By Joshua Gallu and Michael Riley - Mar 26, 2012 2:46 AM GMT+0700
Senior White House adviser David Plouffe defended the health care law enacted by President Barack Obama as the Supreme Court prepares for three days of hearings to determine the fate of the measure.
“Where the American people are right now is they don’t want to go refight this battle again,” Plouffe said today on CNN’s “State of the Union” program. “You ask people, should we go back to square one? People don’t want to do that.”
The Supreme Court is scheduled to hear arguments this week in a challenge that pits the Obama administration against 26 states that say Congress overstepped its authority by requiring Americans to obtain health insurance or pay a penalty. Obama’s health-care overhaul is shaping up as a prime issue in the presidential election, as is a Republican plan to cut taxes and federal spending.
The law signed by Obama in 2010 has been criticized by Republican presidential candidates, including Mitt Romney and Rick Santorum, who have said they would repeal it if they win the November presidential election.
“The important thing right now, what we can control is, implement this law well, make sure that we continue to try to educate people about what’s in the law,” Plouffe said in the interview. “The Supreme Court process will play out.”
Godfather of Mandates
Plouffe, speaking on NBC’s “Meet the Press,” called Romney the “godfather” of health-care insurance mandates, referring to the former governor’s role in enacting a law in Massachusetts that resembles the federal plan pushed by Obama.
In an interview today with CBS’s “Face the Nation,” Santorum echoed Plouffe on that count, calling Romney the “worst candidate” to campaign against Obama on the issue of health-care insurance.
“Heck, he created the blueprint for the government takeover of health care that President Obama followed,” Santorum, who won yesterday’s Republican presidential primary in Louisiana, said.
Romney, who leads in the number of delegates needed to win the Republican nomination, has said that, while he supported the individual mandate for the state of Massachusetts, the federal government shouldn’t impose the requirement in all states.
‘Rubber Stamp’
Plouffe, in an interview today with ABC’s “This Week,” said Romney would “rubber stamp” a budget proposal by House Budget Committee Chairman Paul Ryan that “showers huge additional tax cuts on the wealthy.”
On “Fox News Sunday,” Ryan, the architect of the House budget plan to cut federal spending over 10 years by $5.3 trillion below Obama’s budget, said that Republicans might consider eliminating popular tax breaks on only the highest earners.

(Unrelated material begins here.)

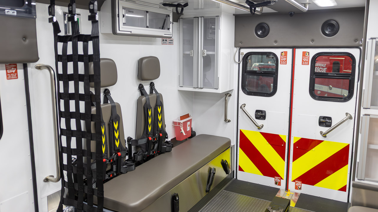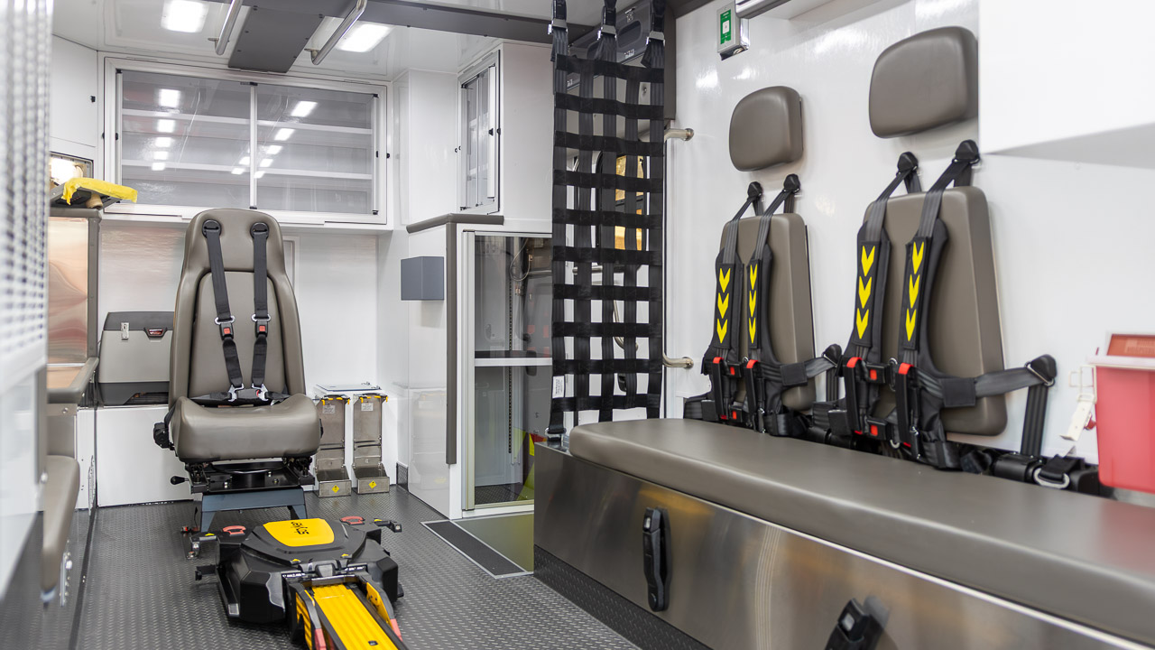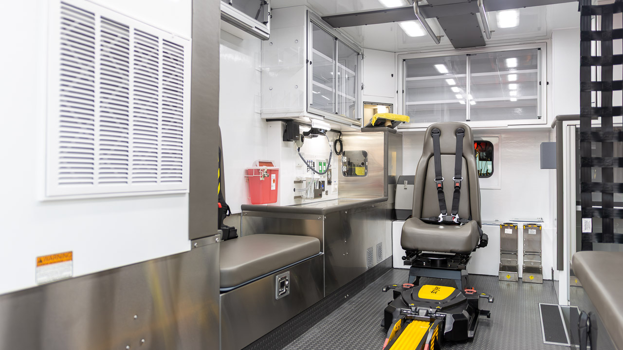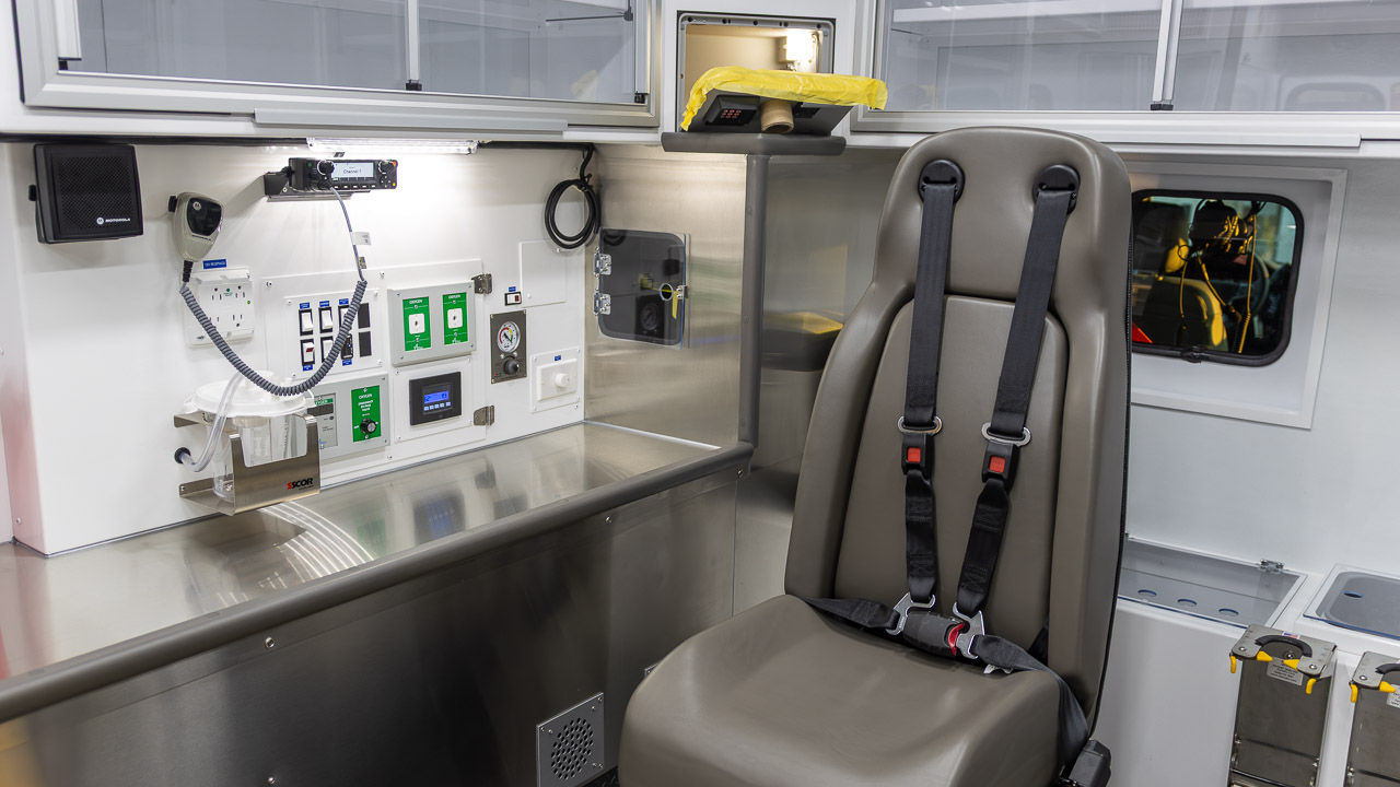 Inside, the unit includes a gunmetal grey interior with stainless steel countertops, MedVault with WiFi, upper linen cabinets, a 15 Qt. Engel fridge, dual squad bench seating with 6-point harnesses, and a Captain’s Chair with an integrated child safety seat. Cot retention is handled by a Frazer-installed Stryker Power-LOAD Gen 2 system.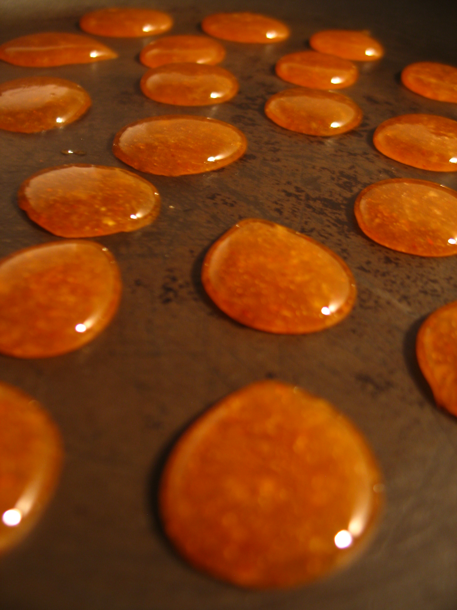 Now your part in lozenge making is almost done. With the honey/sugar/cayenne mixture cooled for 5 minutes and the citrus zest/garlic/ginger/salt mixed in you can start pouring the mixture onto your non-stick surface. Drop 1/2 teaspoons of the mixture onto your nonstick surface, making sure to leave some space between the drops (because they spread a bit). I couldn't find a silicone mat, parchment or wax paper so I just used 2 non-stick frying pans.

Those include the home mortgage deduction, which congressional budget analysts estimate costs the Treasury $100 billion a year, or the exclusion of employer-provided health insurance from taxable income, which costs $164 billion a year. Ultimately, those details would have to be decided by the House Ways and Means Committee.
“Instead of giving those write-offs to people in the top tax brackets, take those tax shelters away,” Ryan said in the interview on Fox. “You get more revenue and we can lower everybody’s tax rate in return.”